NX500 2017-06-29 13:07

Re: What makes phone a success?
 
Marketing.

mscion 2017-06-29 13:34

Re: What makes phone a success?
 
How about all of the above and a little luck!

mscion 2017-06-29 14:03

Re: What makes phone a success?
 
Here is another aspect of a success story...

http://money.cnn.com/2017/06/27/tech...ory/index.html

Hensch 2017-06-29 14:47

Re: What makes phone a success?
 
Quote:

Originally Posted by juiceme (Post 1529828)
You all seem to forget the most important desirability factor, which is the brand.

The brand is the MAIN factor. Then comes the outer finish. The models do not differ much on the first view. And all of them look the same when theres a silicon case around. And honestly, who cares about hardware other than camera, number of cores and clock frequency?

I think for the mass, the phones which are cheap to get from your provider as bundle are the most successful. If the phone is advertised well you'll probably pay some extra money.

For me it was the hardware keyboard in the past. Now it's the OS, even if it's jailed in a poor device. But....you can ssh on it :D

endsormeans 2017-06-29 15:39

Re: What makes phone a success?
 
What makes a phone a success?
All the things the above "Brains" have mentioned....
and one other thing...

What makes a phone a success? ...
why....the Production..
the making of the phone ...physically...
is a success...unto itself.
everything after that...
the os ..software..support..etc..
is all the follow-through.

Many phones never get near to production...

I could name at least one or two off the top of my head...

nthn 2017-06-29 22:49

Re: What makes phone a success?
 
Quote:

Originally Posted by juiceme (Post 1529827)
When iphone started there was no whatsit :p

You cannot really compare the situation 12 years ago to what happens today; back then the current killer apps did not exist.
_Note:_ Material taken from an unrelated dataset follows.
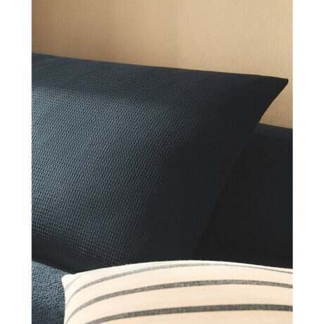 Наволочка вафельной вязки из хлопкового перкаля плотностью 200 нитей. Внутренняя застежка-клапан с одной стороны, за исключением размеров 45 x 110 см и 45 x 155 см, которые открыты с обоих концов.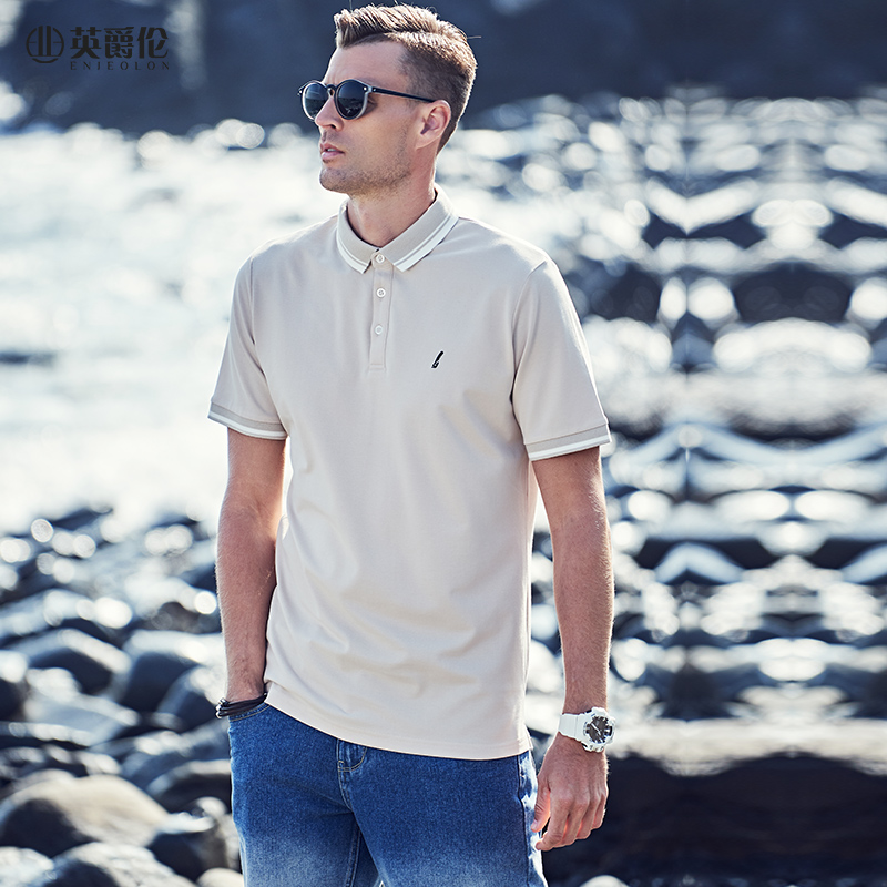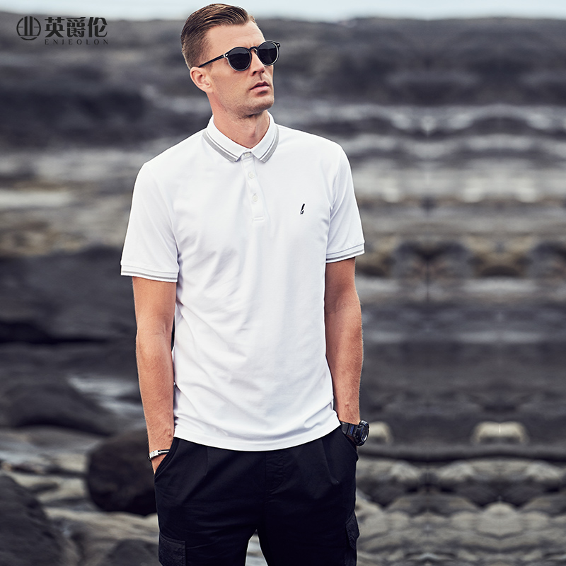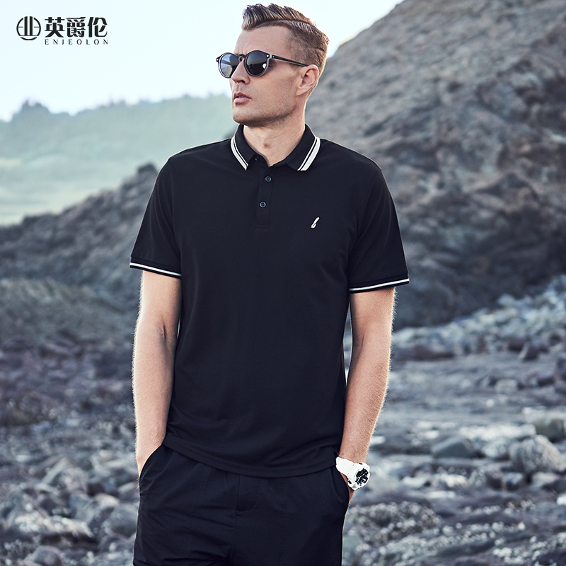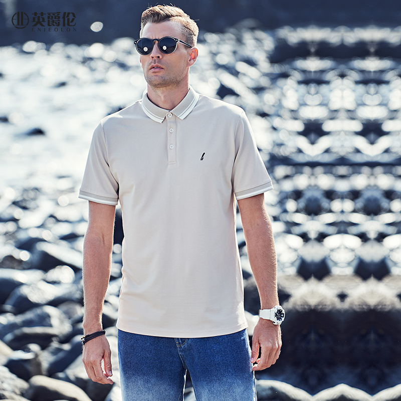 British Baroness Summer men short sleeve polo shirt striped embroidered T-shirt male dress Rafa Laurenma ball business blouse handsome

Even better, apps were never even the intention! They simply turned out to be pretty good at generating money out of thin air, and the rest is history.

Wikiwide 2017-06-30 00:41

Re: What makes phone a success?
 
Hardware keyboard (especially if it is comfortable to type on) and Linux-ish OS (webOS-LunaOS, Sailfish, Maemo, Ubuntu...; or ability to multiboot at the very least). Unique design is a plus (BlackBerry Passport looks very interesting, because of square display and touch-keyboard), locked firmware is a minus. Oh, and given current 2G-off crisis, I want "concealed" USB ports so that cellular connectivity would be not hardwired into the device, but put into a replaceable USB stick. Would make the device much thicker, probably, especially with 4+ concealed USB ports (don't want sticks to be conspicuous / easy to lose / getting in the way of holding the device and using it).

Thank you. Best regards.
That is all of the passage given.